The show I was cocktailing for had about 70 people in the audience and after it was over about 68 of them thought it was a good idea to stand up, get in the aisle and stay there. No amount of "excuse me's" and "pardon me's" did anything. These people were like fucking statues. Where was a giant pigeon when I needed one so it could swoop in and shit all over their heads? Throughout the performance, they were in my way too. I only have a narrow little space to maneuver thorough in the dark while carrying a tray with martinis on it. You would think that people would understand that by pushing their chair away from the table, my narrow space becomes even narrower. I must have tripped over one lady's chair about ten times.

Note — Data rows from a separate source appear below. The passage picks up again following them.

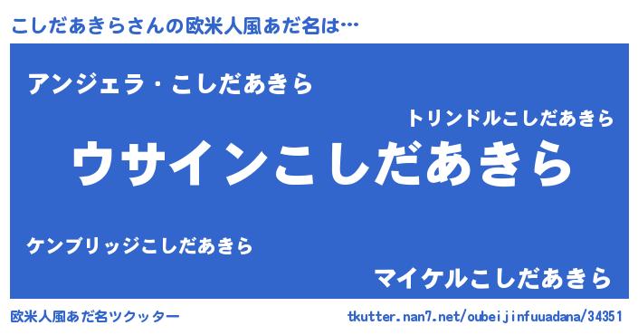 | 男性向けラノベタイトル風あだ名 | 『こしだあきらの嫁は女の子じゃないと思った?』 |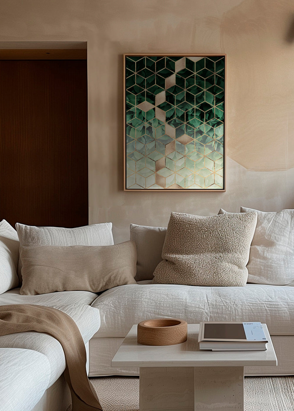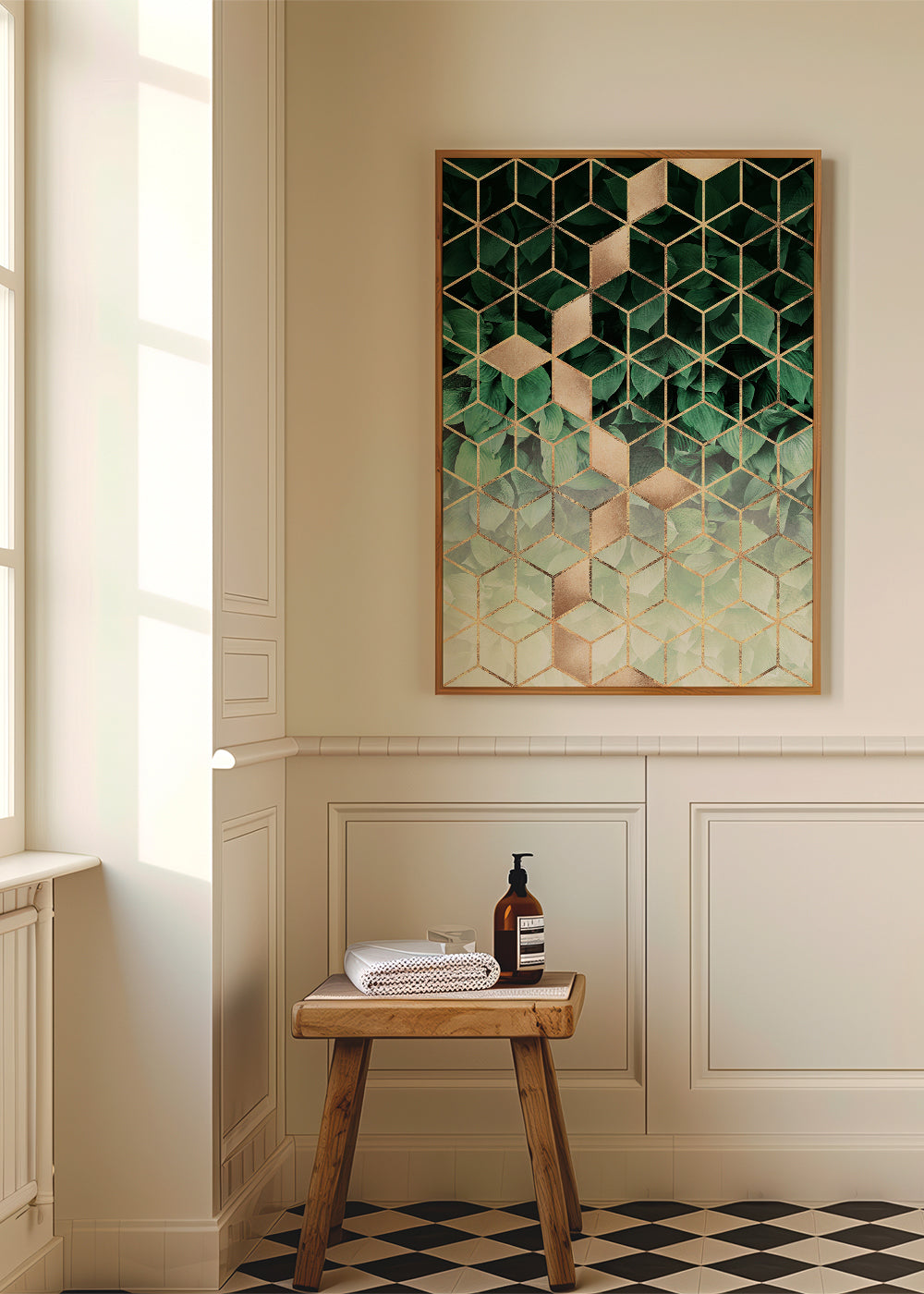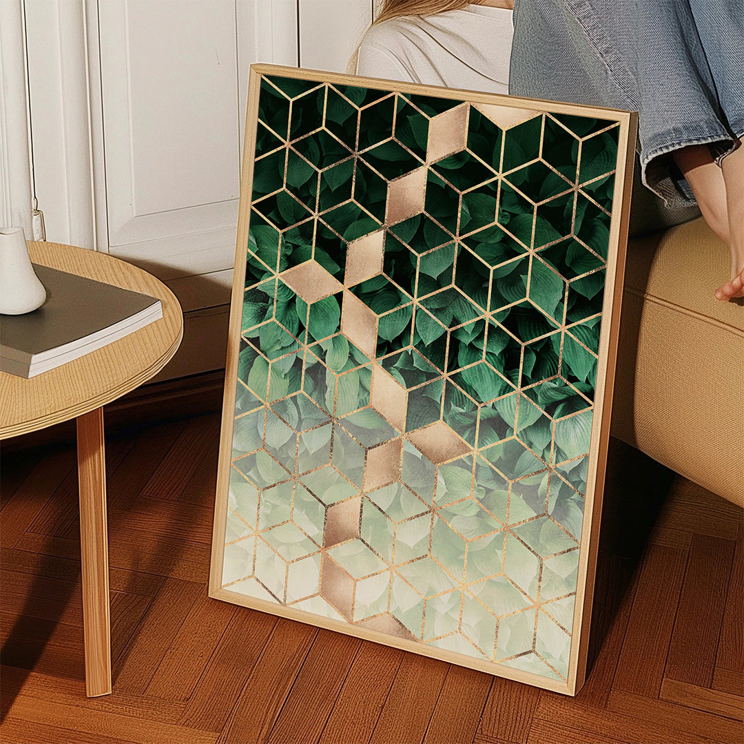 Affiche vertical géométrique des cubes verts et dorés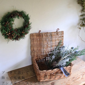 まるでヨーロッパの街角を彩るような本格派の針葉樹のスワッグタイプのブーケです。

And at least one of them was for real. The other nine were me just kicking it so she would think, "Oh, I must be in this fine young man's way" and then scoot her chair in. She never got it. (But then she gave me $40 on a $21 bill so I didn't mind. I send out an internet apology for all the intentional kicks, lady at table 28X.)
The point is, too many people are unaware of their spatial relationship to their waiter and I need them to move, move, move right outta my life. I even made a fucking video about it.
Click here to follow The Bitchy Waiter blog.
Click here to follow The Bitchy Waiter on Twitter.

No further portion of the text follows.